Stock markets around the world have bounced back a bit overnight. U.S. index futures are trading up 0.3% the FTSE is up 0.4%, the Dax is up 0.6% and the Nikkei is up 1.5%. Crude oil is up 0.5%. This appears to be a trading bounce with the Dow still under 21,000 and WTI still under $50.00 but the Dax has regained 12,000.
Currency markets are mixed today. Defensive havens like gold and JPY remain under pressure with the yellow metal down 0.6% and trading below $1,200. Resource currencies have bounced back a bit with USD/CAD slipping back under $1.3500 and AUD/USD holding $0.7500. EUR is up slightly while GBP is down slightly against USD.

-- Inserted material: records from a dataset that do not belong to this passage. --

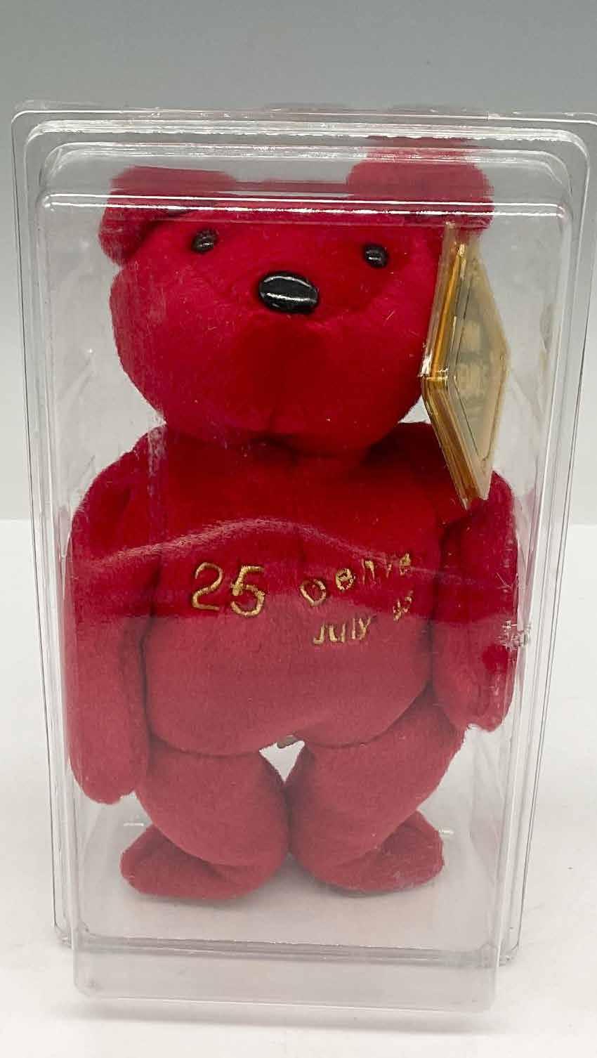 Red plush beanie with 25 Denver July 98 embroidered on front with McGwire 25 on back. Salvino’s Bamm Beanos swing tag. This item has its original box: 4.75”L x 8.75”W x 3”H.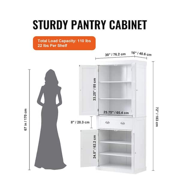 72 in. Kitchen Pantry Storage Cabinet, Freestanding Utility Cabinet with Doors, Tall Food Buffet for Kitchen, White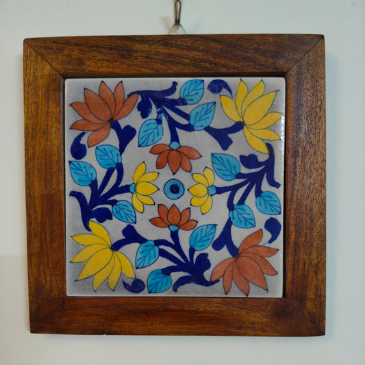 Handcrafted Lotus Wall Tile in Wooden Frame
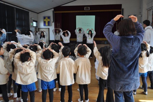 日本語の賛美を教えてくれました。振り付けもあり、頭の上に両手をあげている「愛」のポーズはみんなお気に入り♡
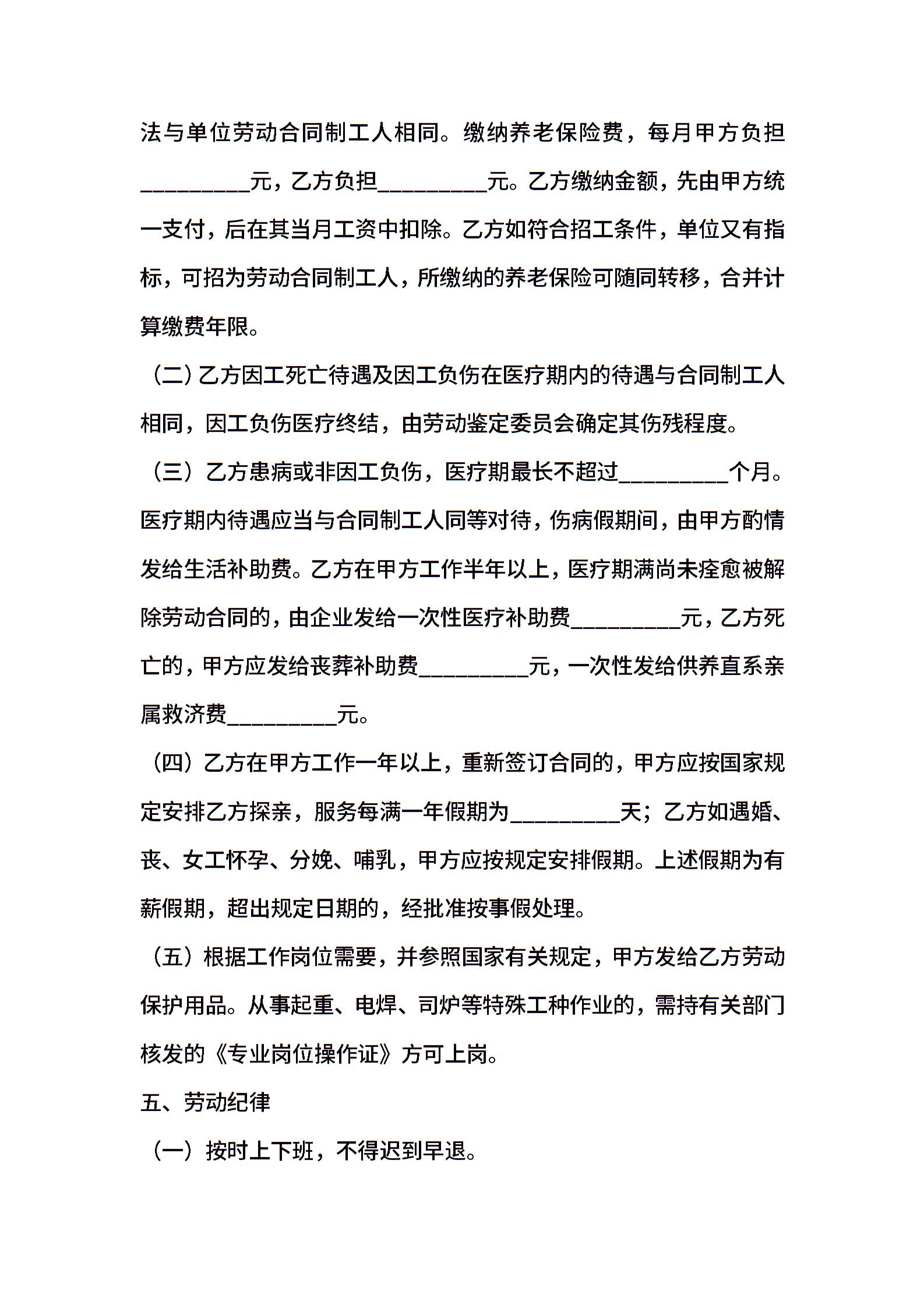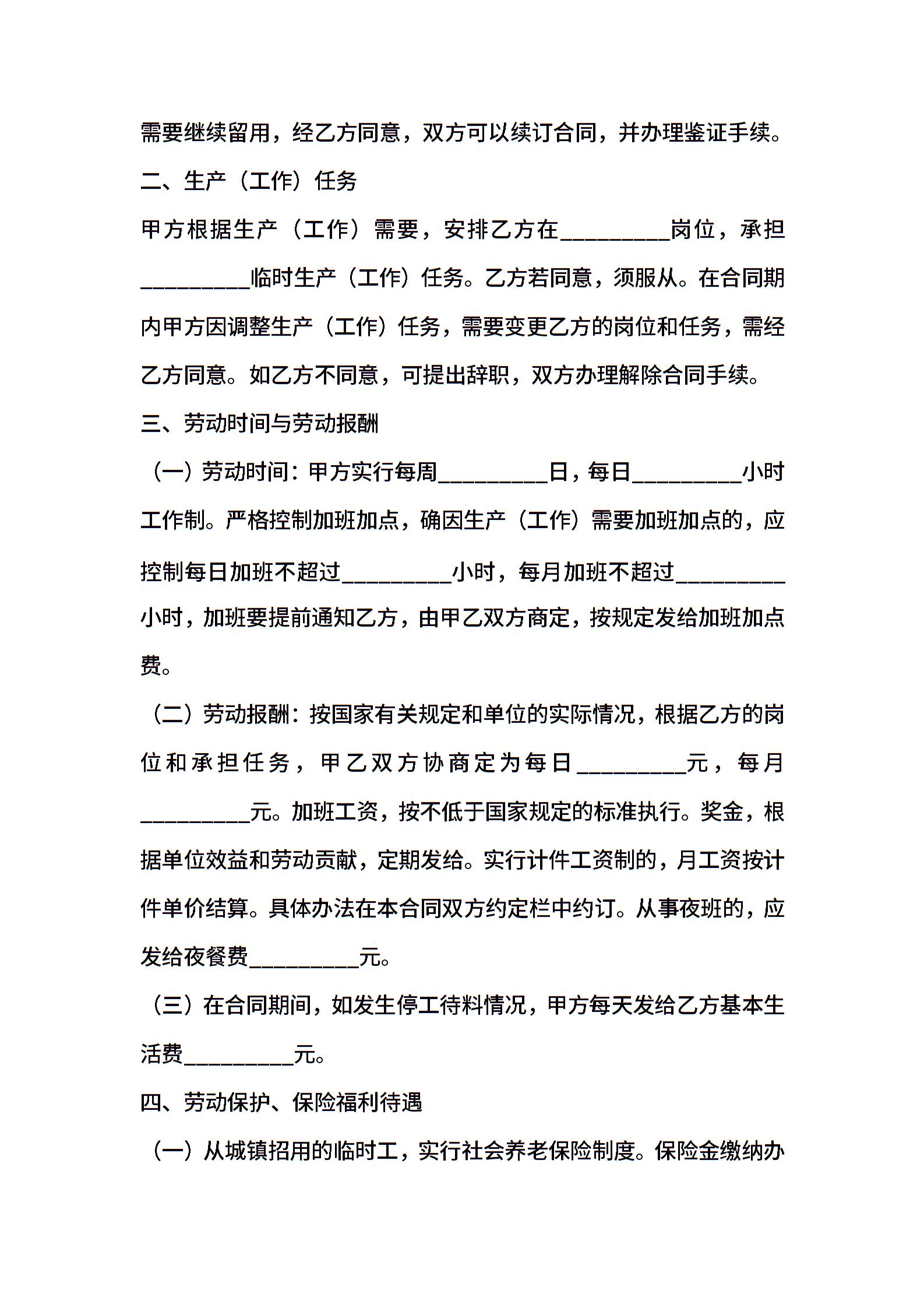 • 分类 临时用工合同

The UK trade deficit wasn’t quite as bad as the street had expected while Germany’s trade surplus, the object of particular attention across Europe and in the U.S., continues to fall, coming in well below the street estimate.
Today brings this week's main economic events U.S. nonfarm payrolls and the Canada Labour Force Survey, setting the stage for next week's big Fed meeting and interest rate decision.
Fed Chair Yellen indicated a week ago that the Fed would consider raising interest rates this month following an assessment of employment and inflation trends. Wednesday’s massive 298K increase in ADP private sector payrolls would appear to seal the deal with Fed Funds pricing in a 98% chance of an increase.
Traders may look to this month’s nonfarm report for confirmation of the ADP numbers. In addition to the headline jobs number, the average earnings data may also attract attention as a sign of wage inflation which is harder to claw back than commodity price inflation.
The ADP Payrolls report was 111K above consensus, indicating that the street was way too pessimistic. With the street at 200K if we get half the beat in nonfarm that we saw in ADP, we could get a 255K print.
I also get the sense that for the third month in a row, the street may be too pessimistic about Canada jobs as well. We’re in peak energy exploration season and oil prices are a lot higher than last year, plus the U.S. has been doing well, so things should be looking up for Canada too. While a retrenchment form last month’s big 48K increase would be understandable, I think the street calling for a 5K decrease is overdone again. I’m thinking a 20K increase in Canada jobs for this month.